The hibiscus oil painting is finished. I refer to it in a singular way because, although it is on two separate panels (diptych) it is one image. This diptych format was a welcomed challenge, which I hope to do again soon.
As you can tell from the photos on my previous posts, I made several changes to the flowers and added features. Being a perfectionist, I worked at making the composition more interesting, and more three dimensional. In executing this painting, I used all of my knowledge regarding light and painting techniques, as well as learning more about using values and color temperature to create forms in space.
One of the things I tried to accomplish was to make this painting look realistic, yet remain painterly. I was not trying to get a photographic image. One of the worst “compliments” a painter can get – no matter how well intentioned – is “it looks just like a photograph”. A photograph tends to be flat and lifeless, albeit realistic. When painting in a realistic style, an artist tries to bring the image to life with skilled use of values and techniques that go beyond a photographic image. Some of the greatest paintings in history are realistic, but do not look like a photograph. Even Impressionist paintings are considered realistic, yet they are definitely not photographic.

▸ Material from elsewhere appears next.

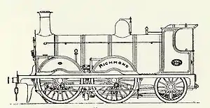 The LB&SCR Richmond class, 0-4-2 express passenger locomotives, were designed by William Stroudley of the London Brighton and South Coast Railway in 1877. They were a larger version of his "Lyons" class (D2) which were in turn developed from his successful "D-tank" class of 1873.

A successful painting creates interest that draws the viewer in; as well as provide elements that a viewer can discover anew each time they look at the image. If you have ever stared at a painting and marveled at how the artist created the image, then you know what I mean about a successful painting. That is what I tried to accomplish with this large scale flower diptych. Ultimately, however, it is up to the viewer to decide if I have succeeded.